Upon plasma sample collection, preservation is ensured through storage in a − 80 °C freezer until the initiation of laboratory assays. Customised multiplex antigen-coupled beads will be produced to evaluate antigen-specific antibodies concentrations and properties in plasma samples. The protein antigens will be coupled to carboxylated beads through covalent NHS-ester linkages, using 1-ethyl-3-(3-dimethylaminopropyl) carbodiimide hydrochloride and Sulfo-NHS (Thermo Scientific), following the manufacturer’s recommendations [ 51 , 52 ]. Glycan antigen LAM, single lipid antigens (e.g., TDM and TMM), and multiple lipid antigen from Mycobacterium tuberculosis total lipids will be modified using 4-(4,6-dimethoxy [ 1 , 3 , 5 ] triazin-2-yl)-4-methyl-morpholinium (DMTMM) dissolved in ethanol and conjugated beads following the COOH-DMTMM method [ 53 ].

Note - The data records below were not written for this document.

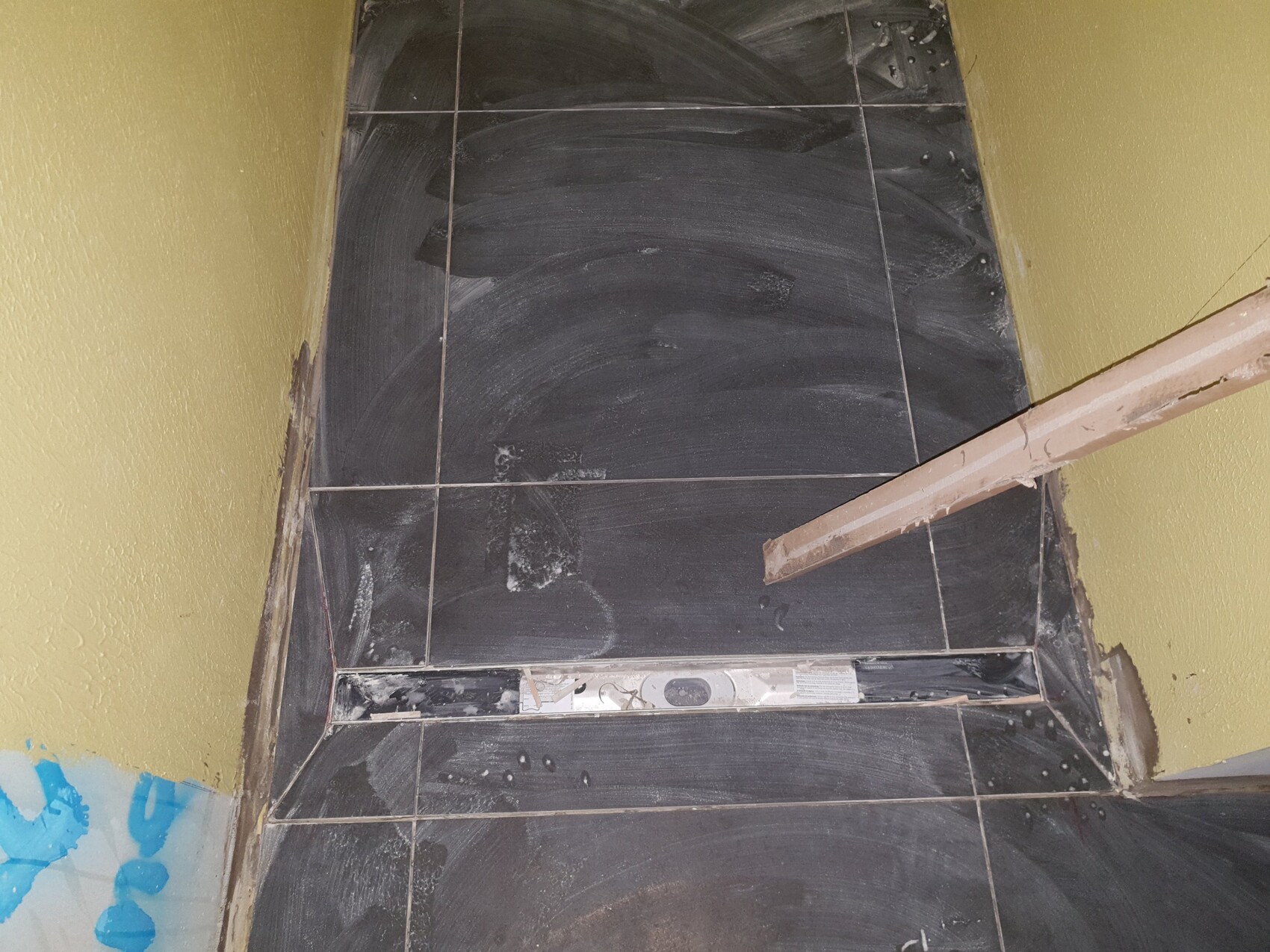 Dunkle Bodenfliesen im Badbereich eines Bauprojekts mit Abflusskante.
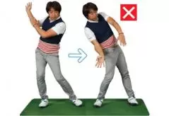バックスイングで、右に体重移動しようとすると、スエーやリバースピボットが起こりやすい。これではパワーは生まれないし、ミスヒットにもなりやすい。フォローで右に体重が残る「明治の大砲」の要因になる。
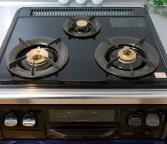 3口コンロ式で使い勝手も良くお料理の効率もアップ。グリルも標準装備で、焼魚なども簡単に料理できます。トッププレートは表面がガラス質の高品位ホーローなので、汚れもきれいに拭き取れます。 |
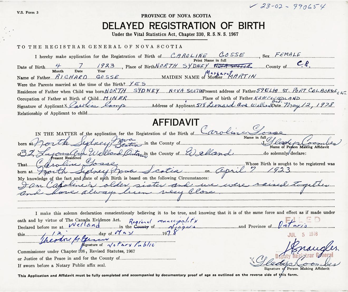 Signature of Applicant Caroline Camp Address of Applicant 518 Leonard Avenue, Welland, Ontario Date 12 May 1978
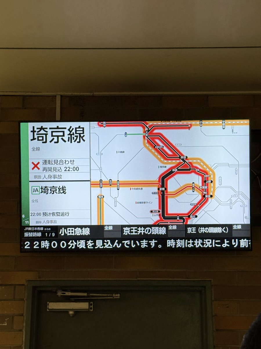 埼京線と山手線も運転見合わせで運転再開が22時頃だと😭

The antigen-specific antibodies concentrations and properties will be measured using different PE-labelled detection antibodies as follows: for the isotypes and subclasses, PE-coupled detection antibodies (anti-IgG, anti-IgA, anti-IgM, anti-IgG 1 , anti-IgG 2 , anti-IgG 3 and anti-IgG 4 ) at a concentration of 1 µg/mL; [ 52 ] for the FcR binding profiles, FcRs (FcγRIIIa/CD16a, FcγRIIIb/CD16b, FcγRIIa/CD32a H167, FcγRIIb/CD32b, FcγRI/CD64 from R&D Systems) will be labelled with PE and added to the samples at a concentration of 1 µg/mL; and for the glycosylation profiles, PE-labelled lectins (SNA for sialic acid, ECL for galactose, LCA for fucose and PHA-E for N-acetylglucosamine) will be used at a concentration of 20 µg/mL. After 2 h of incubation at room temperature, the beads will be washed with PBS-0.05% Tween20, and PE signal will be measured using xMAP technology. (refer to Fig.  2 )

figure 2

Multiplex bead-based serological assay

For the multiplex bead-base serological assay (1) specific antigens are coupled to beads, (2) plasma samples are incubated with the antigen-coupled beads, allowing specific antibodies to bind to corresponding antigens, (3) fluorescently labelled detection antibodies are added, binding to antigen-specific antibodies or their properties, (4) fluorescence is measured by using a coloured laser, and concentrations are then calculated based on a standard curve

Data management

All data will be securely entered and shared through password-protected and encrypted systems to uphold the confidentiality of health-related personal information. Adhering to Swiss legal requirements for data protection (Ordinance HRO Art. 5), our procedures for storing biological samples and handling health data are meticulously governed. Coding mechanisms and personalised logins are implemented to grant exclusive access to the study database and source documents for authorised personnel, thereby preventing third-party disclosure. Unique identification numbers are assigned to the biological samples and health-related personal data.

Data analysis

Descriptive statistics, including mean, median, standard deviation, and interquartile range, will be used to summarise antibody concentrations stratified by diagnostic group (TB disease, TB infection, healthy TB-exposed controls, and non-TB lower respiratory tract infections) and age groups (< 2 years, 2 to < 5 years, 5 to < 10 years, and ≥ 10 years). Antigen-specific antibody concentrations will be analysed in relation to the total (nonspecific) antibody concentrations. Comparisons between groups will be made using t-tests or Mann-Whitney U tests if normality assumptions are not met. Children with TB disease and infection will be compared with the following groups: all other remaining children combined, healthy TB-exposed children, and children with non-TB lower respiratory tract infections.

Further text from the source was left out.